In the First Trilogy, beginning with the book "Lord Foul's Bane", we get to slowly learn about a place called "the Land."

Thomas Covenant is a best selling author and newly married with a baby son, when he contracts leprosy. This sends his wife freaking and abandoning him. He is rejected by his community. On a rare trip to town, an old homeless man approaches him and gives him a cryptic message. Not long afterward, Covenant is hit by a car, and finds himself transported to a different place, called "the Land." The Land is a place with giants, humans, monsters, ravers, and the evil Lord Foul. Through the first trilogy, as Covenant jumps back and forth to earth and the Land, we find that the old man is the Creator of the land. In creating a new world, the creator found out that his archenemy had placed evil throughout the world, in order to take possession of it for himself. However, while Lord Foul was busy in the Land placing his evil, the Creator enclosed him inside the world by the Arch of Time. Since then, Foul has sought his release by destroying the Arch.

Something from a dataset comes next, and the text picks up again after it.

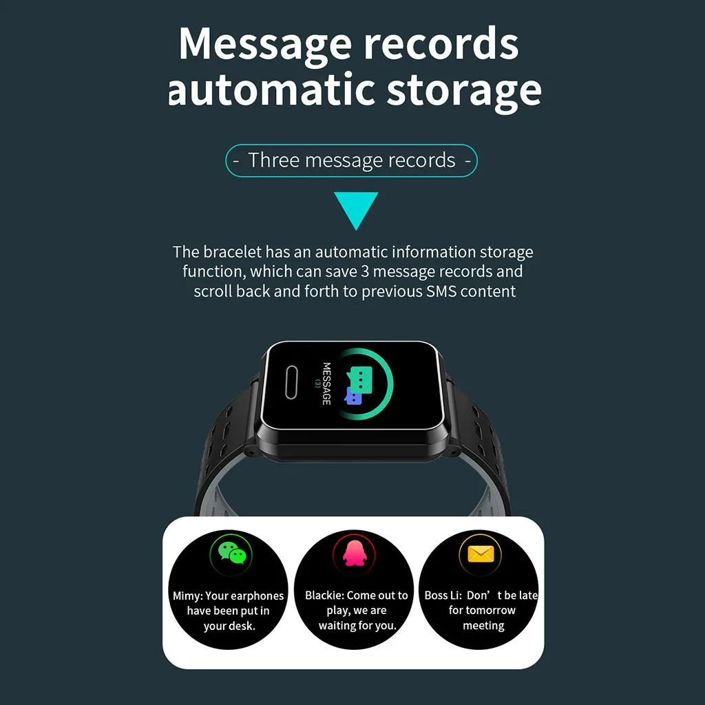 С экраном браслет: (1,3 дюймов IPS цветной экран) Разрешение: 240x240 Системные требования: Android 5,0 и выше, IOS 9,0 или выше, Версия Bluetooth: BLE 4,0 Основной чип управления: NRF52832 Память: 64 м Чип PPG: XH3300 Емкость аккумулятора: 200 мАч Двигатель: встроенный, вибрационное напоминание Водонепроницаемость: IP67 Язык поддержки приложения: китайский (упрощенный, традиционный), японский, английский, французский, немецкий, итальянский, испанский, русский, португальский, корейский, малайзийский Язык поддержки браслета: китайский (упрощенный), английский. Датчик: трехосевой гравитационный датчик Цвет изделия: черный, красный, серый Материал корпуса: стеклянная линза + средняя оправа из цинкового сплава + пластиковый нижний чехол Ремешок: силиконовый двухцветный ремешок Метод зарядки: Магнитная ЗарядкаВнутри коробки:

Because of his leprosy and need to keep control of what goes on with him so he doesn't lose body parts to injury, he initially chooses to disbelieve what is happening to him. He stands passively by while he sees Foul destroy peoples and friends through his manipulations of everyone, and destructive armies. Eventually, Covenant accepts that the Land is real, and steps in to save it.

Thomas Covenant's wedding ring is of white gold, a clear violation of purity. It possesses wild magic, hard to control, but powerful enough to either stop Lord Foul or destroy the Arch of Time and allowing for Foul's release.

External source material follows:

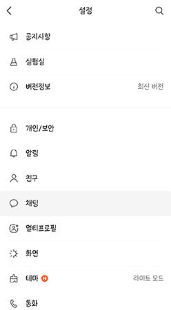 먼저 카카오톡을 실행한 후 설정으로 들어가 ‘채팅'탭을 선택합니다.

In the first Trilogy, Foul is thwarted by Covenant and friends he has made in the land.

In the Second Trilogy, Covenant returns to the land 10 years after his last encounter. This time, he arrives with a woman, Linden Avery. She becomes the Chosen, as he is the UnBeliever and owner of white magic. Lord Foul now uses a corruption of the Land to slowly destroy it. While before, the Land gave people special percipience and magical power, now it has been corrupted by blood sacrifice, etc. Covenant and Avery travel through the trilogy attempting to create a Staff of Law to control the earth power and return all to its natural ways. Along the way, they must attempt to gain wood from the holy tree that made the original staff. It is on an island, where the worm of the world sleeps. If it is awakened, it will consume all things, breaking the Arch of Time. They do create a new staff. At the end of this trilogy, Covenant hands his white gold ring over to Foul, who then seeks to use it to destroy Covenant. His body destroyed, his spirit returns and Foul's efforts to stop him causes Foul to diminish himself. Covenant has become a part of the Arch of Time, defender of the Land. Linden Avery is returned to earth, where she keeps Thomas' ring as a memory of the love they shared in the Land.

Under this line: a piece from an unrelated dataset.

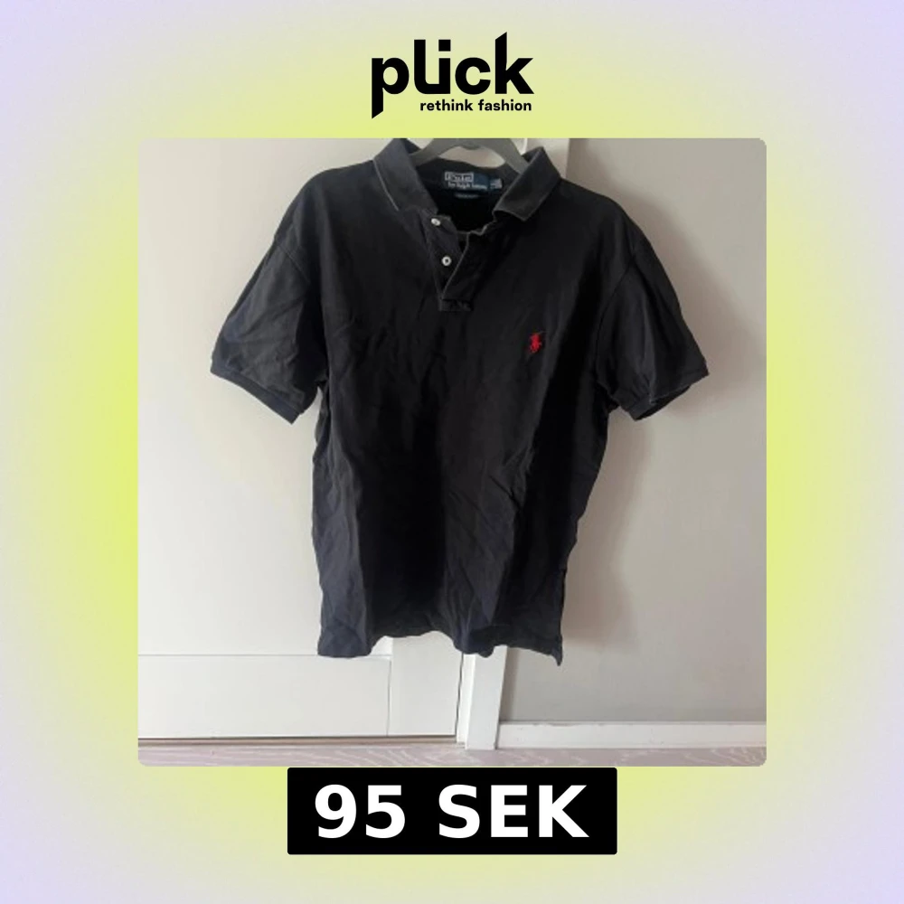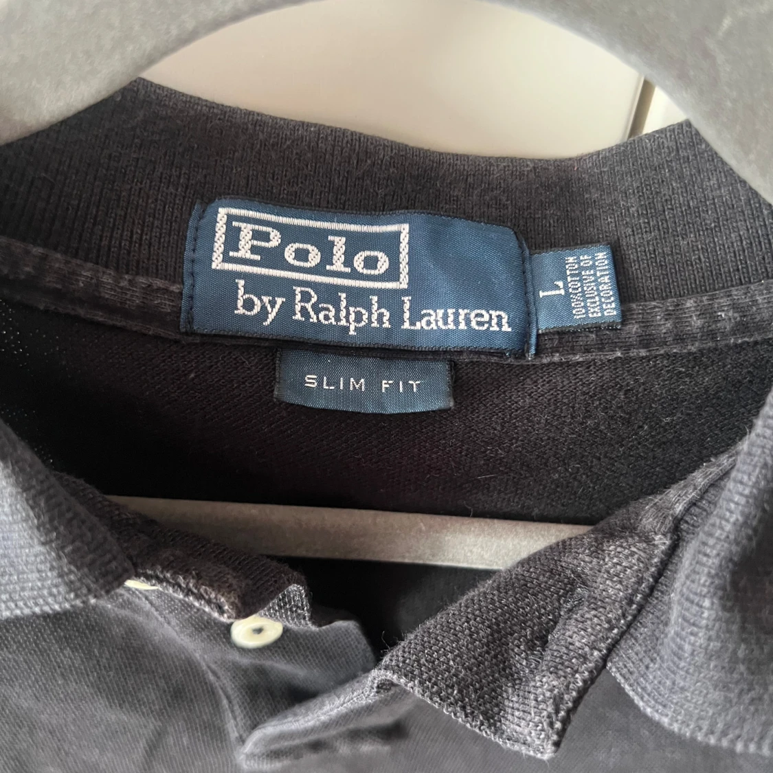Klassisk svart pikétröja från Polo Ralph Lauren med röd broderad logga på bröstet. Slim fit-modell med korta ärmar och två knappar vid kragen. Perfekt för en stilren och tidlös look.

This second Trilogy was written in the 1980s. The last Chronicles of Thomas Covenant began just a few years ago, and will contain 4 books total. Against All Things Ending is the 3d book in the series, with the last book coming out in about 2 years.

The Last Chronicles begin 10 years later with Linden Avery as a doctor over a psychiatric ward. Thomas' ex-wife, Joan, is one of her patients. Lord Foul had created a religion on earth of people that were in despair. These had mutilated and burned their right hands, as to mimic Thomas' missing fingers. Linden has adopted one of the children, Jeremiah, who is autistic and missing fingers on his right hand. Jeremiah does have a gift of building remarkable structures with tinker toys and legos.

Thomas' son, Roger, has just turned 21 and comes to claim his mother, Joan. Linden refuses, and so Roger ends up kidnapping Joan and Jeremiah. Linden chases after them. Due to events, all of them are transported to the Land. Linden is separated from the others. In the first book, she finds that the Land has changed even more, as a thousand years has passed. She obtains friends, and finds that the Staff of Law that she and Thomas created the last time, was lost.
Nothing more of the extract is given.